Dear Dualists and Wholistic Leaners,
Some people think that conditions affecting mental health have a clear cause. Extreme versions of Survivor movement ideology and the anti-psychiatry movement, for example, support the notion that a harmful, violent world creates "manifestations of illness" in those who are sensitive. Persons who happen to experience serious traumas like physical abuse and sexual violence and who later experience a crisis of mental health, are often held up as examples that support the notion that a "harmful world" causes mental health problems or perceived problems of mental health.
I think it's a bit misleading to suggest that "physical" traumas, like sexual assault and abuse, are responsible for "mental" illness. This refrain has been repeated over and over again in psychoanalytic literature, has been absorbed and regurgitated by the Survivor movement, and yet it is such an incomplete picture of health and the things that can have an effect on health.
My observation has been that Survivor advocates (capital "S" in the extreme political concept of Survivor) tend to cling to the concept of trauma, reshaping the word to represent its most extreme; painting trauma always as malevolent violence, somehow always intentional (as is the truth in the case of sexual violence and physical abuse) or some type of mass-scale social subversion (big pharma plots ring a bell???).
And so in the Survivor literature, persons affected by mental illness are forever painted as victims of a social construct that is inherently violent, harmful, cruel, and indifferent to what it has created. Survivors were victims of a social construct that created the illness, then victims (to become survivors of) a system that was designed to overcome (entrench???) the illness that was supposedly caused by that social construct.
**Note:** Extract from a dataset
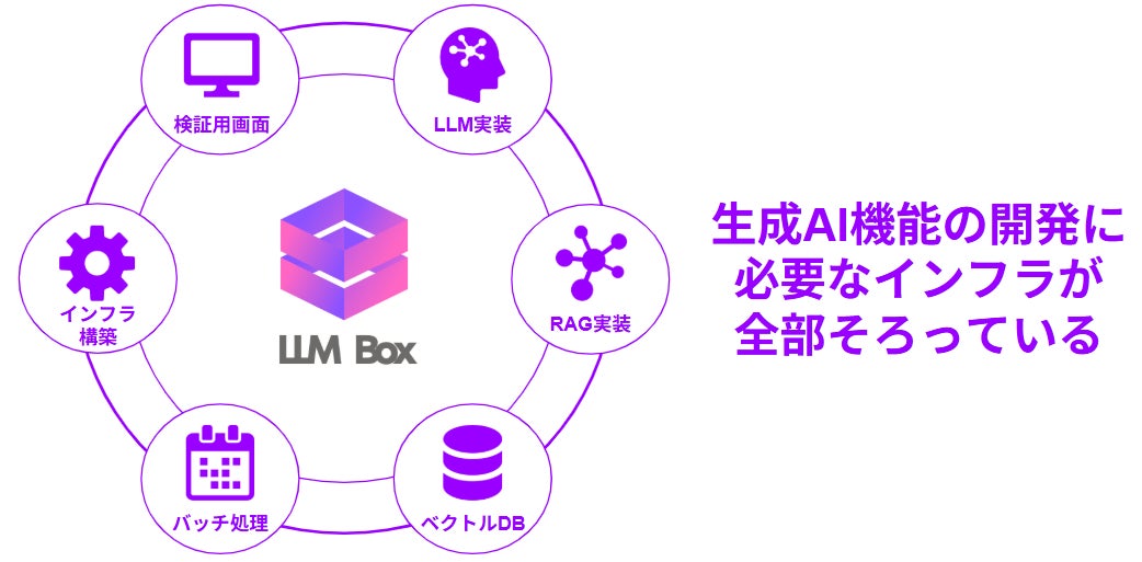 【低コスト&短期間でAI機能を追加】AI開発に必要なインフラを一式実装済み。SaaSや業務システムに生成AI(LLM)機能を短期間・低コストで組み込める開発パッケージ「LLM Box」を提供開始。

Sound complicated? It is, more than it has to be, I think. And it seems downright paranoid to me, and I'm prone to paranoia!!!
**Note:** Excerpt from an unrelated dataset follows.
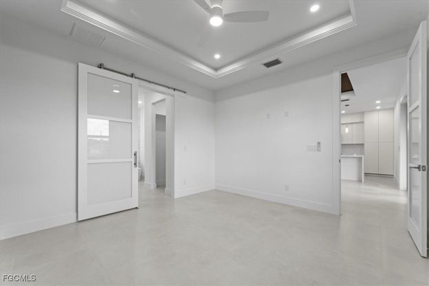 CO in hand - Move-In Ready! Modern new construction featuring hurricane impact windows and doors, a custom kitchen with Calacatta quartz waterfall island, and top-of-the-line appliances. Spacious open floor plan with 10' ceilings, 11.5' coffered ceilings, 8' solid doors, and designer cladding accents. Bathrooms offer floating vanities, frameless showers, LED mirrors, and one-piece toilets. Upgrades include custom closets, porcelain tile flooring, epoxy garage floors, paver driveway, irrigation, side door in the garage with a small paved patio and a tankless water heater. Comes with a 1-year builder's warranty. Special incentives available.

If we look outside of Survivor literature, and Survivor interpretations, there are actually many types of "trauma," besides any types of physical or sexual violence that a person and their brain can be exposed to. Some of these traumas are innocuous. Some of them are occur simply as a product of living and breathing. Poor nutrition, exposure to toxins, allergic reaction, major life change (whether positive or negative), severe illness, unfavourable/harmful social/family/relationship dynamic, access to opportunity or a lack of, a traumatic event (observer), a traumatic event (participant), a traumatic event (victim), etc... all fall under the definition proper of trauma.
It bothers me when conditions that affect mental health are explained to be a consequence of one event in some distant past... as if something as serious, as profound, and as life altering as a condition affecting mental health has such a simple solution. It's almost as if that one thing hadn't happened, all of life would be different somehow.
If only it were that simple... If only society would cease being "abusive" and "traumatizing," then everyone would be okay, seems to be the logic.
From what I understand, based on my education and experience, there is no "golden shield" protecting the brain from the varied and innumerable assaults of life. In fact, the assaults of life are, for the most part, predictable, and have predictable consequences. In truth, the reality is that the multiple and varied traumas of life don't cause "mental" illness in most people. So really, there isn't anything in the type of trauma itself that causes mental illness, the reality is that the illness lies in wait, like cancer, only to rear its head opportunistically, after an unknown number of cumulative attacks of unknown and likely unforseeable type. And because our brain is innately curious, seeking explanation for all things, and even creating explanation where none can reasonably be found, our brain (and blame) falls on the event that lies closest to our "break."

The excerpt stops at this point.